Set Up the SPF, DKIM, and DMARC for Your Sending Domains
Welcome-listing your domain improves your deliverability and ISP reputation. You should configure the following domain attributes to help raise your spam score.
- Set Up SPF Records: An authorization method that specifies which email servers can send and receive emails on behalf of your organization.
- Set Up DKIM Policies: An authentication method that uses cryptography to securely encrypt and decrypt emails sent to and from your organization. It also prevents in-transit altering of sent or received messages.
- Set Up DMARC Policies: An authentication method that specifies how to handle emails that don't pass SPF and/or DKIM checks. DMARC also generates reports to prevent email spoofing.
Dive Into Workspace Admin Guides
Follow the Google guides below for further reading.
Publish an SPF record
Publish a DMARC policy
Authenticate Your Email With DKIM
For more general info on how to avoid getting spam blocked by Gmail, see the "Prevent mail to Gmail users from being blocked or sent to spam" article.

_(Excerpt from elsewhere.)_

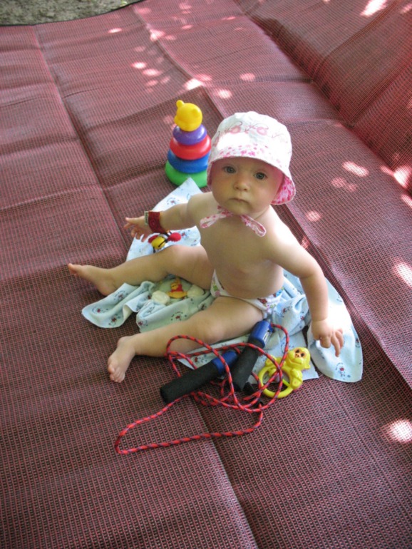 Пыталась стимулировать ползанья за мячиком, но не вышло.

Master of Your Domain (Providers)
The information you need to configure SPF, DMARC, and DKIM is specifically related to your domain and is not related to Propensity. Propensity doesn't have email servers. All emails are sent directly from your email provider. Instructions to configure SPF, DMARC, and DKIM vary by domain provider. Contact your domain provider to obtain this information and receive any support you need.
When you have configured SPF, DMARC, and DKIM, consider implementing the following:
Set Up a New Domain
This domain should be different from your primary sending domain and you should only use it to send marketing emails. Additionally, this means you can create new mailboxes from this domain and add and replace them in Propensity. For more information on how to connect mailboxes to Propesnsity, click here. To read more on how to set up a new domain, subdomain, and mailbox for sending marketing outreach, click here.
Email Warming
When creating a new mailbox for use with Propensity, whether as part of an existing domain or subdomain, or a brand new one, the age of the mailbox matters for deliverability. Consider using an email warming tool to establish a positive reputation. Email warming tools use your email address to automatically start email conversations with high-reputation inboxes. The warm-up emails sent are natural and make sense to build trust. The ramp-up is automated and done gradually to maximize the efficiency of the email warm-up. Your warming emails get opened, replied to positively, marked as important, and removed from spam and categories. This positive email engagement increases your email reputation and deliverability. It teaches the inbox providers to send your emails to the main inbox and not to spam. Learn more about email warming here.
Email Content and Formatting
- Remove Links from the Body of Your Email: Spam filters look for links, especially in first-contact emails. Ensure you've removed links from your signature and in the body of your emails.
- Remove Images from the Body of Your Email: Images or attachments, especially in automated or first-contact emails, can activate spam blockers and cause bounces. Remove these assets and stick to text. Save your images and attachments for step 3 or later in sequences once you've sent a few other emails. As with links, even images in your signature can cause issues.
- Don't Apply Special Formatting to Your Text: Spam blockers scan for formatted text. Avoid using different colors, fonts, bolding, italicization, and underlining.
- Keep Your Paragraphs Concise: Lengthy content can activate spam blockers or cause bounces. Keep your wording simple and to the point.
- Avoid Words that Trigger Spam Filters: Spam filters are constantly evolving. As a result, there isn't a shortlist of words to avoid. Try to communicate in a professional, personable way. Avoid words and phrases that sound suspicious, urgent, or needy. As a best practice, ask yourself if the email you intend to send is one you would want to receive yourself.
- Test Your Messaging: Always test your messaging to see what works best. You can try multiple versions of a message. If one version has a higher bounce rate, compare the differences to understand the cause.